With the release of that film, the Marvel Cinematic Universe (MCU) was founded: The idea of creating a shared universe of multiple differing characters through their own films, with an end goal of one day bringing them all together as one, much like comic books had been doing for decades prior. 10 years and 18 films later, with the release of Avengers: Infinity War, directed by Anthony and Joe Russo, this unparalleled cinematic achievement has reached the point it has been aiming towards all these years.
Avengers: Infinity War is a balancing act, trying to bring together and service a roster of over a dozen familiar characters while telling a fresh and engaging story with the sense of scale and impact that pays off years of prior work. As a fan that loved these superheroes growing up and has seen every one of these movies in theaters since I was 12, I can confidently say that, for me, this movie accomplishes all these things and more.
It uses all of the groundwork that has been so carefully laid out through 18 previous films to set up character dynamics, motivations and relationships that feel real and genuine and takes time to pay them off, while creating new and interesting ones along the way. We know how these characters act and operate on their own, but it’s when you put all these pieces together that you realize how surprisingly well they all fit together in both expected and unexpected ways.

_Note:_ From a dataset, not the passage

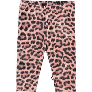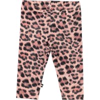Klassiske baby leggings med rosa leopardprint. Den elastiske talje og det bløde materiale sikrer en god pasform. Certificeret af Ecocert Greenlife, certifikationsnummer 197496.
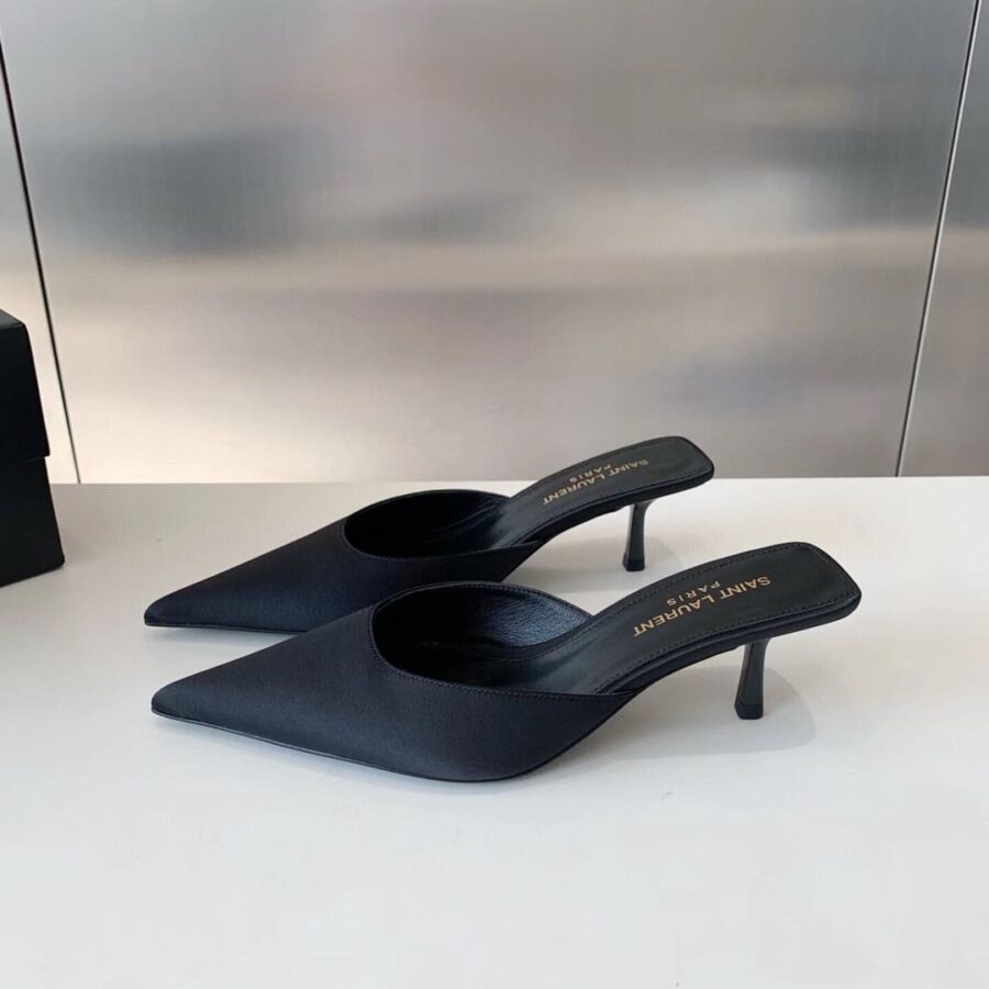 Saint Laurent Barbara Mules Satin In Black 7869079Qn001000

At a run time of 2 hours and 40 minutes, this movie is jam-packed but it never feels its length. The pacing is done so superbly that by the time the credits rolled that I didn’t believe that much time could’ve passed. Everything that happens makes sense in the course of the story based on what has happened before and where it is going, making it all feel earned.
This is a Marvel movie, and if you’ve seen any before, you know to expect laugh out loud moments and bombastic action set-pieces and all of these are plentiful and on a scale like nothing you’ve seen before, but it’s the character moments that make this movie worthwhile to me. This is true not just for our heroes who I’ve spent so much time with, but also for the main villain Thanos, performed by Josh Brolin.
While Marvel has continually had a problem with lackluster villains in their films, Thanos deservedly takes a spot in the upper echelon of great ones. He is a force and menace that you will root against, but even if you don’t empathize with him, you will at least understand his perspective and motives; all the greatest villains are those who believe that they are the heroes of their own story. The formidable threat he provides adds stakes to a genre of film that often feels like it doesn’t have any, and further propels this movie into rarified territory.
Just in getting to this point is an accomplishment for the MCU, but to cap off 10 years of work with this film is truly an achievement. This is still a Marvel movie, through and through, and if that’s not your cup of tea than this movie is most likely not for you.
But for those of you who have seen some of these movies before, you’re in for a fun ride. And if you’re like me and know these movies backward and forward, than know that this is a movie that will make laugh, cheer, pull at your heart strings, and everything in-between. Marvel and the Russo brothers deserve so much praise for truly outdoing themselves and delivering such a remarkable feat with this film and setting the bar so high. The only question now is how do they top it?